### DATASET SECTION
-- Opening Marker --

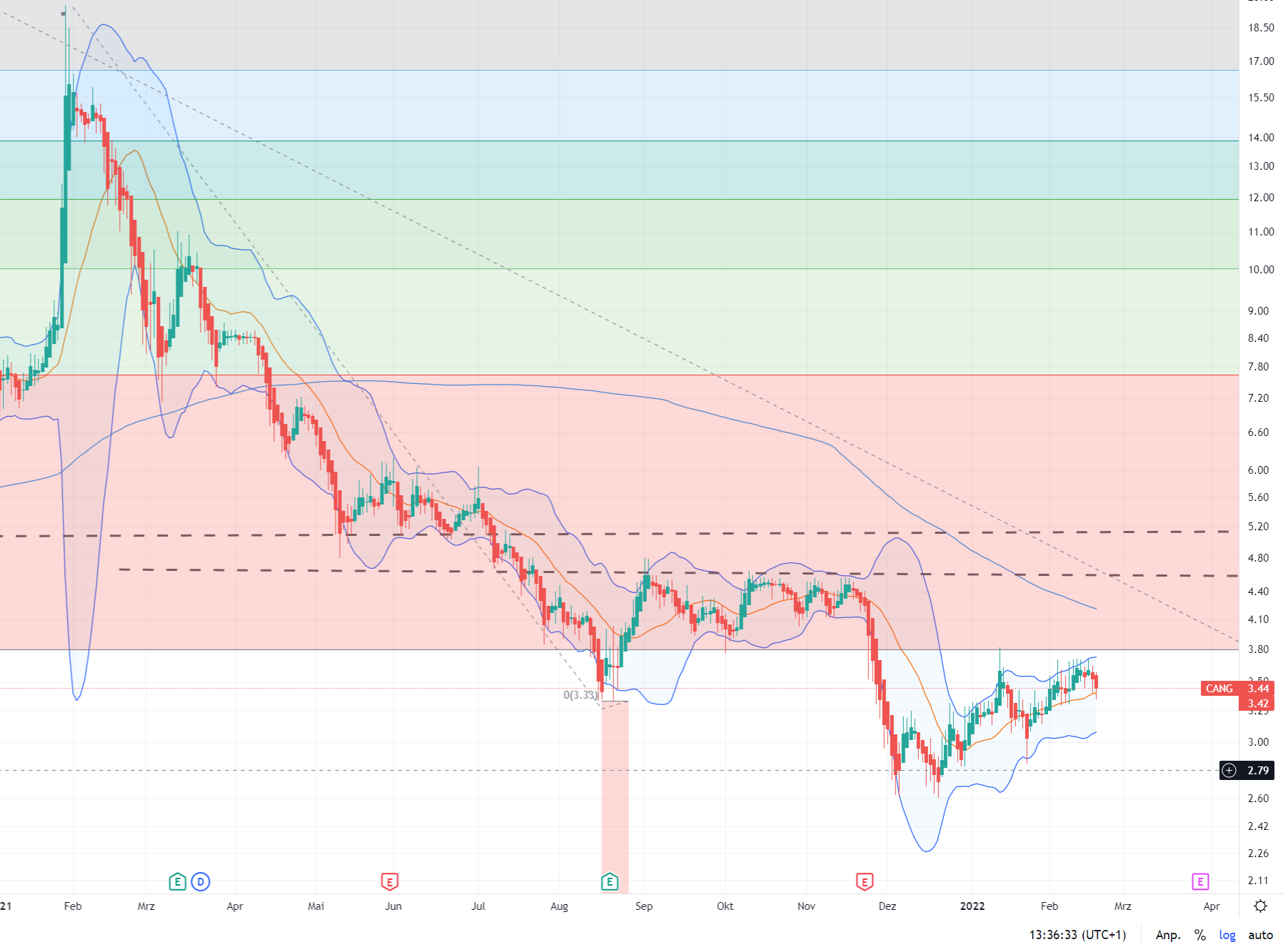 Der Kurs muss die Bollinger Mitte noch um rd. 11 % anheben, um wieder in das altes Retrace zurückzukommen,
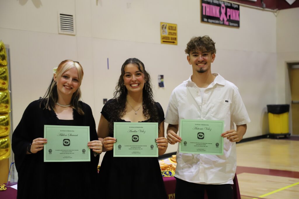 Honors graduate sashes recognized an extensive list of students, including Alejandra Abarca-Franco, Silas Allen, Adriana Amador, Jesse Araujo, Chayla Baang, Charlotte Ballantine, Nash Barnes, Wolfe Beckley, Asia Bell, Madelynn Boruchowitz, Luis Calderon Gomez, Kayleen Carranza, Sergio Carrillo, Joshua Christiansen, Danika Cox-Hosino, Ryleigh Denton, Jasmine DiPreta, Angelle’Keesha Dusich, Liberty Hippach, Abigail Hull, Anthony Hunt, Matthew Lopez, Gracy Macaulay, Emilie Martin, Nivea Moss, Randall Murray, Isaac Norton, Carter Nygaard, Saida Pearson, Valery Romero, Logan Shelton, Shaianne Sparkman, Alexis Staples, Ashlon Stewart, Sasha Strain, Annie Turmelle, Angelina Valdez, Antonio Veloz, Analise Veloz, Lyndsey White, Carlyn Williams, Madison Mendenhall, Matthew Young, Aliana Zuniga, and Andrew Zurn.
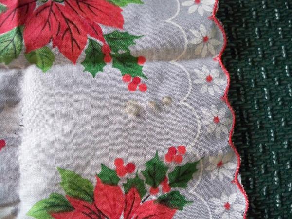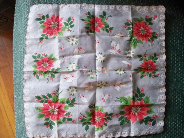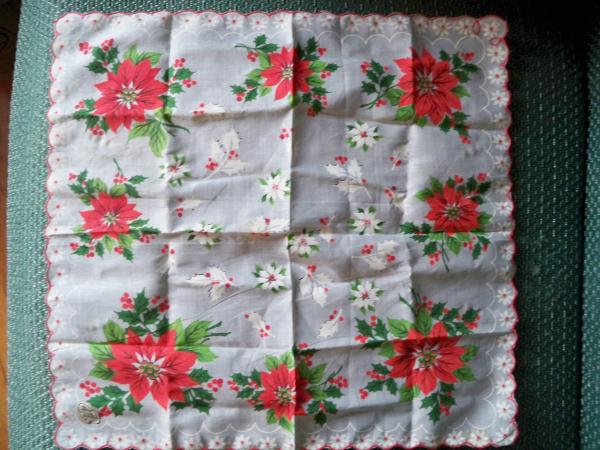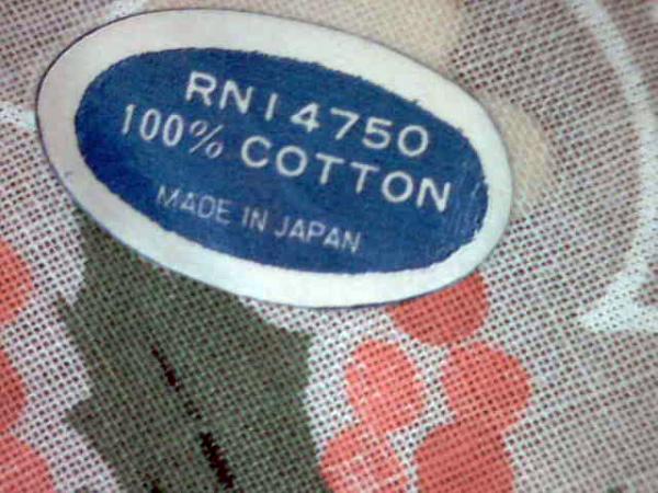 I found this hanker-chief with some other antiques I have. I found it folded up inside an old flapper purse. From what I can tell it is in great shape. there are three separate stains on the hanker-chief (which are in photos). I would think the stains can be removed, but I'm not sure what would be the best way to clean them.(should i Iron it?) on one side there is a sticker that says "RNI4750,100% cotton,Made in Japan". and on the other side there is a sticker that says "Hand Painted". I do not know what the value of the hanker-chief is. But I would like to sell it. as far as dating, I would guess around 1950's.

-- Closing Marker --

### WHAT THE EXERCISE ASKS
Write out exactly and only the lines that run from the start of the data above through the line containing "Honors graduate sashes", leaving the pictures out.

### SOLUTION FOR THIS TASK
 Der Kurs muss die Bollinger Mitte noch um rd. 11 % anheben, um wieder in das altes Retrace zurückzukommen,
 Honors graduate sashes recognized an extensive list of students, including Alejandra Abarca-Franco, Silas Allen, Adriana Amador, Jesse Araujo, Chayla Baang, Charlotte Ballantine, Nash Barnes, Wolfe Beckley, Asia Bell, Madelynn Boruchowitz, Luis Calderon Gomez, Kayleen Carranza, Sergio Carrillo, Joshua Christiansen, Danika Cox-Hosino, Ryleigh Denton, Jasmine DiPreta, Angelle’Keesha Dusich, Liberty Hippach, Abigail Hull, Anthony Hunt, Matthew Lopez, Gracy Macaulay, Emilie Martin, Nivea Moss, Randall Murray, Isaac Norton, Carter Nygaard, Saida Pearson, Valery Romero, Logan Shelton, Shaianne Sparkman, Alexis Staples, Ashlon Stewart, Sasha Strain, Annie Turmelle, Angelina Valdez, Antonio Veloz, Analise Veloz, Lyndsey White, Carlyn Williams, Madison Mendenhall, Matthew Young, Aliana Zuniga, and Andrew Zurn.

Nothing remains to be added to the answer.